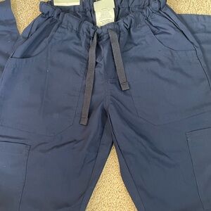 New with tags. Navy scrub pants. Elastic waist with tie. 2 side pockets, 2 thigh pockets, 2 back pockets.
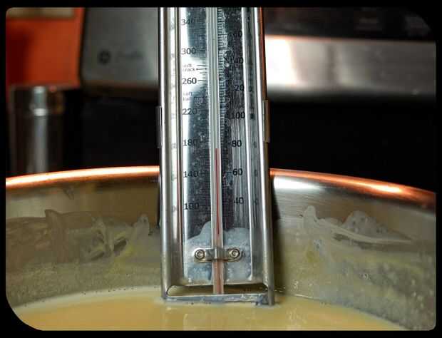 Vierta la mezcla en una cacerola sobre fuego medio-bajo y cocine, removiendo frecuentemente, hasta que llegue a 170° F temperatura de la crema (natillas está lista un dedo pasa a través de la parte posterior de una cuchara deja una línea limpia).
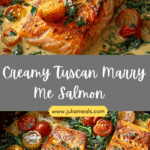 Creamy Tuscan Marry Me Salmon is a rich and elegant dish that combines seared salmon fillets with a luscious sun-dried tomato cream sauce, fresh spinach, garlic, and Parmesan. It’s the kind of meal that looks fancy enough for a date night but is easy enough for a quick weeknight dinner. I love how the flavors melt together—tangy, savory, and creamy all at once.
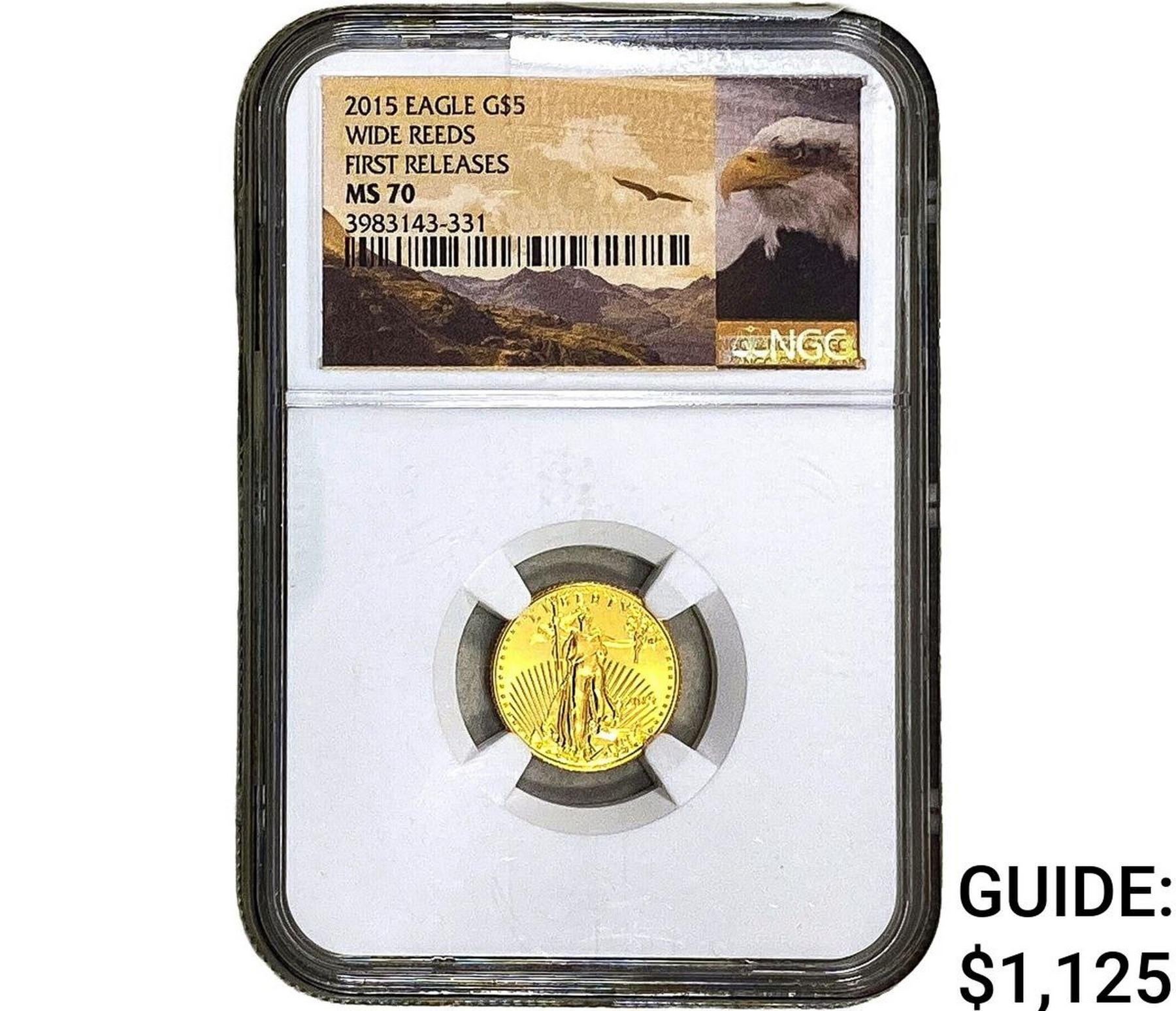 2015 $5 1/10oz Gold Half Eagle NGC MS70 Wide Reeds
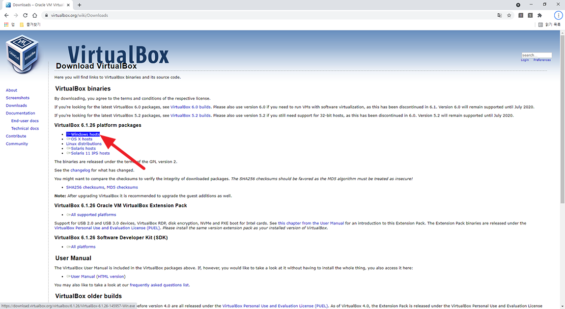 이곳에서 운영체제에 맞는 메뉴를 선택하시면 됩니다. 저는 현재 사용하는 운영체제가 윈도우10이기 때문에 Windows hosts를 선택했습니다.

· · · · · · ·

> _Description of the task_
Your reply should restate every entry exactly, with the pictures left out.

> _Expected output_
 New with tags. Navy scrub pants. Elastic waist with tie. 2 side pockets, 2 thigh pockets, 2 back pockets.
 Vierta la mezcla en una cacerola sobre fuego medio-bajo y cocine, removiendo frecuentemente, hasta que llegue a 170° F temperatura de la crema (natillas está lista un dedo pasa a través de la parte posterior de una cuchara deja una línea limpia).
 Creamy Tuscan Marry Me Salmon is a rich and elegant dish that combines seared salmon fillets with a luscious sun-dried tomato cream sauce, fresh spinach, garlic, and Parmesan. It’s the kind of meal that looks fancy enough for a date night but is easy enough for a quick weeknight dinner. I love how the flavors melt together—tangy, savory, and creamy all at once.
 2015 $5 1/10oz Gold Half Eagle NGC MS70 Wide Reeds
 이곳에서 운영체제에 맞는 메뉴를 선택하시면 됩니다. 저는 현재 사용하는 운영체제가 윈도우10이기 때문에 Windows hosts를 선택했습니다.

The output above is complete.